Não é apenas António Tavares e Eurico Castro Alves que mantêm ligações ao PSD. Manuel Pinto Teixeira, membro efectivo da Mesa Administrativa da SCMP e antigo chefe de gabinete de Rui Rio na Câmara Municipal do Porto, também aparenta ter bom trânsito entre os sociais-democratas.

O relatório e contas de 2023 associa-o directamente à tutela do Hospital da Prelada. Entre Julho de 2020 e Julho de 2022, Pinto Teixeira integrou a Comissão Política Nacional do PSD — onde se sentava ao lado de Ana Paula Martins (actual ministra da Saúde) e de Joaquim Miranda Sarmento (actual ministro das Finanças). A proximidade é de tal ordem que, mesmo em tempos de contenção orçamental, se arranja sempre dinheiro para os amigos do Porto.

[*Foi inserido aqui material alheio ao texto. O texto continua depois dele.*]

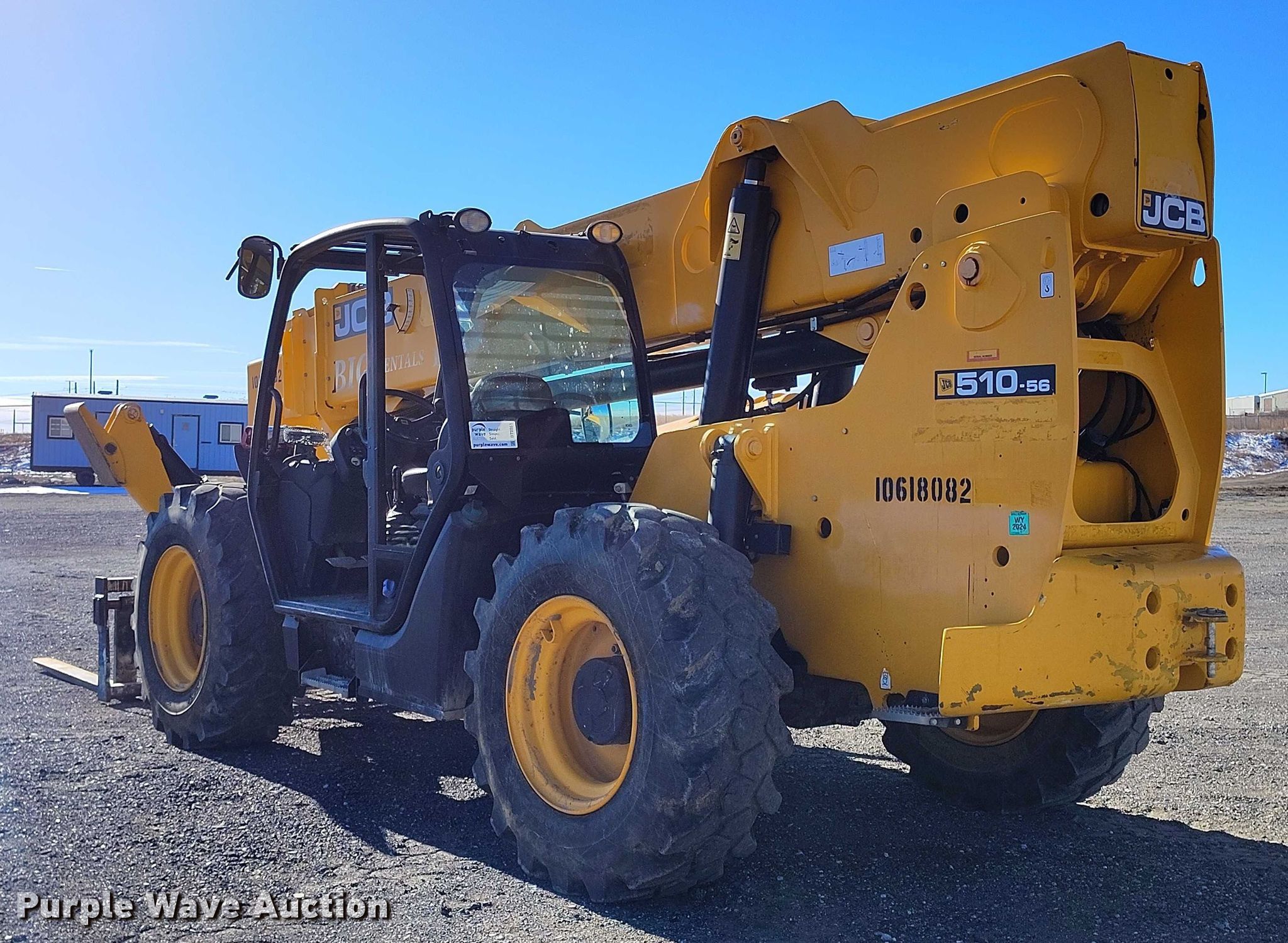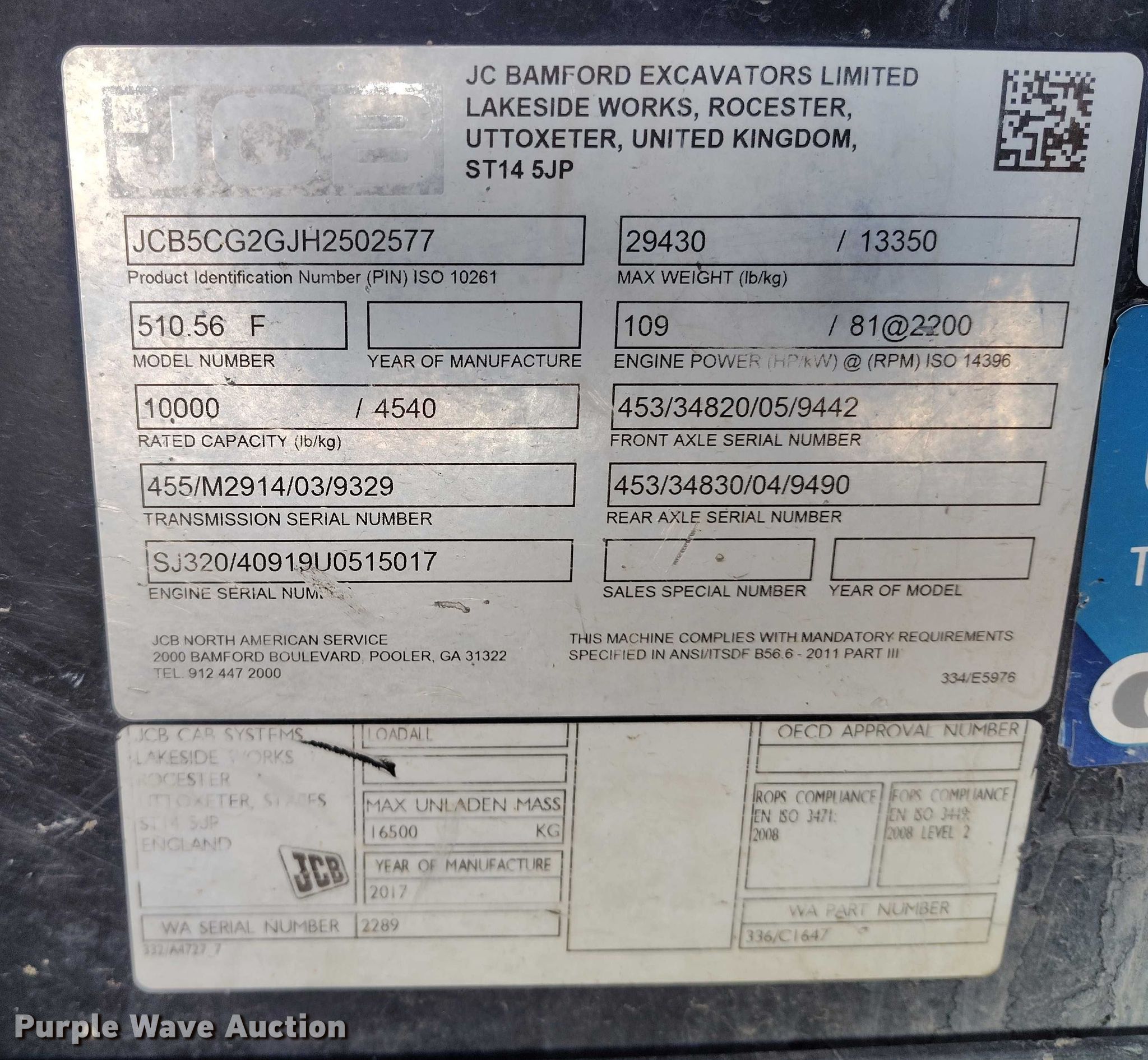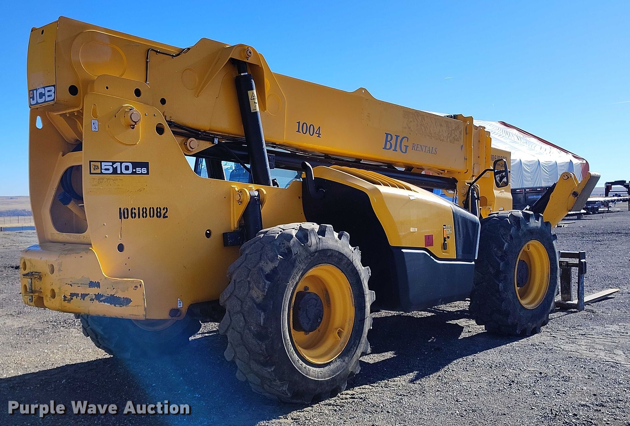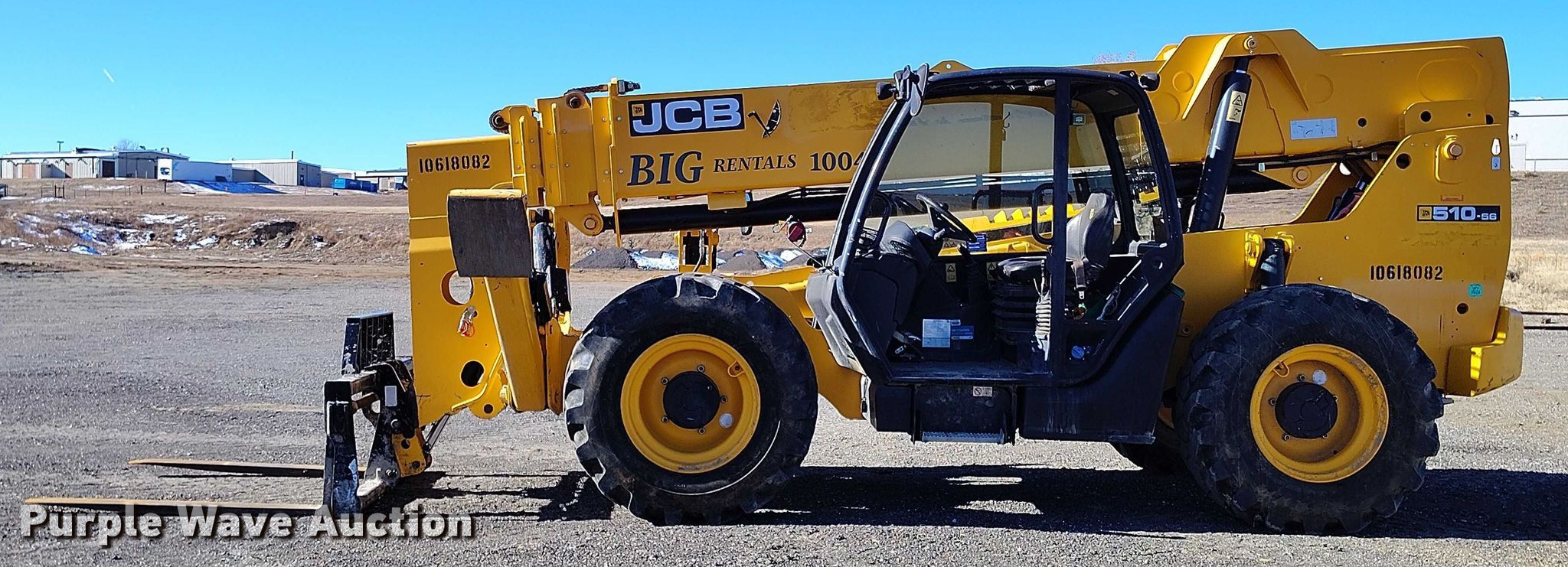 Purple Wave is selling a used Telehandler in Colorado. This item is a 2017 JCB 510.56 telehandler with the following: Hours: 4,400 on meter, Serial: JCB5CG2GJH2502577
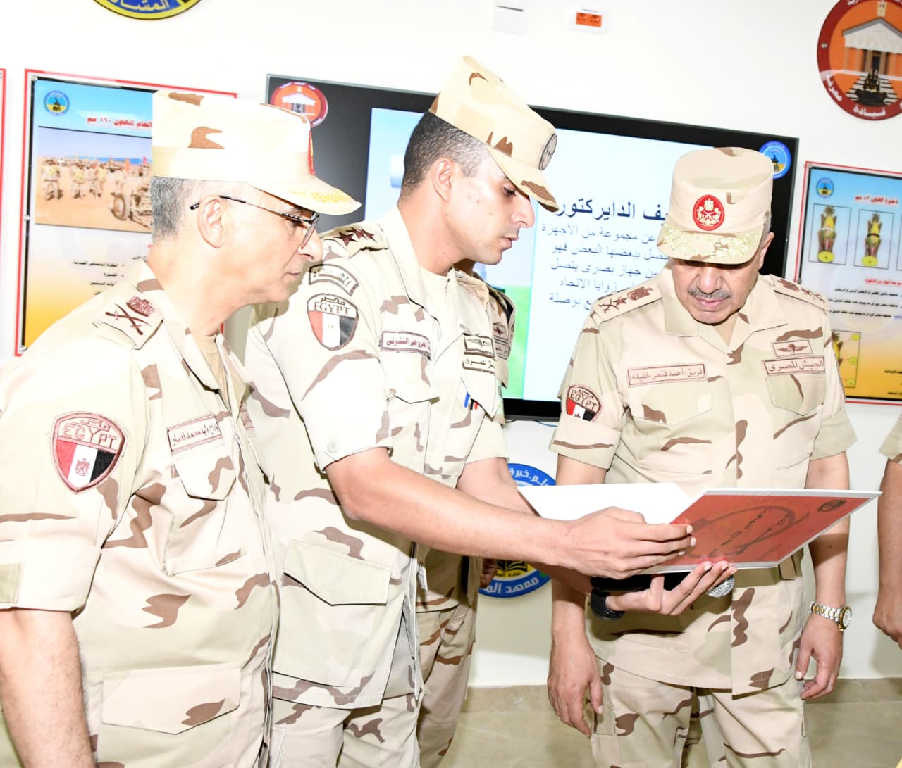 تفقد الفريق أحمد خليفة رئيس أركان حرب القوات المسلحة المنظومة التعليمية بالمعاهد العسكرية التخصصية لضباط القوات المسلحة بالكيان العسكرى بحضور عدد من قادة القوات المسلحة، وذلك فى إطار حرص القيادة العامة للقوات المسلحة على متابعة نظم وبرامج الإعداد والتأهيل العلمى والعسكرى للضباط بالمنشآت التعليمية العسكرية.

Não há memória recente de qualquer medida de reestruturação significativa na Misericórdia do Porto. Pelo contrário: os gastos com fornecedores e serviços externos continuam a subir. Em 2011, ascendiam a 13,2 milhões de euros; em 2023, já ultrapassavam os 19,5 milhões; e, no ano passado, subiram para 21,6 milhões de euros.

Também os gastos com pessoal aumentaram: entre 2023 e 2024, o acréscimo foi de 7,1%, passando de 34 milhões para quase 36,5 milhões de euros. O salário médio dos 1.261 trabalhadores da SCMP é de 2.065 euros mensais, calculado em catorze meses. A SCMP, tal como uma empresa pública em fim de ciclo, mantém a estrutura e o esbanjamento — na expectativa de que o Estado a venha salvar no fim.

Hospital da Prelada, um sorvedouro de dinheiros públicos, mas que nem assim faz a SCMP sair do ‘vermelho’.

Saliente-se que, ao contrário da sua congénere lisboeta, a SCMP não tem receitas provenientes dos jogos. Vive, por isso, exclusivamente da sua actividade empresarial e de acordos com o Estado. Entre 2008 e 2023, o Ministério da Saúde transferiu cerca de 500 milhões de euros para a Misericórdia do Porto. Só no último quinquénio, foram aproximadamente 160 milhões. Mas, nem assim, a SCMP conseguiu apresentar lucros.

O PÁGINA UM contactou a SCMP para obter comentários sobre a situação financeira da instituição, bem como para saber se António Tavares considera manter condições para continuar em funções após o décimo ano consecutivo de prejuízos. A resposta foi lacónica: “Não nos será possível enviar as respostas solicitadas no prazo definido, uma vez que, por motivos de agenda, não foi possível obter em tempo útil os contributos necessários para o efeito.”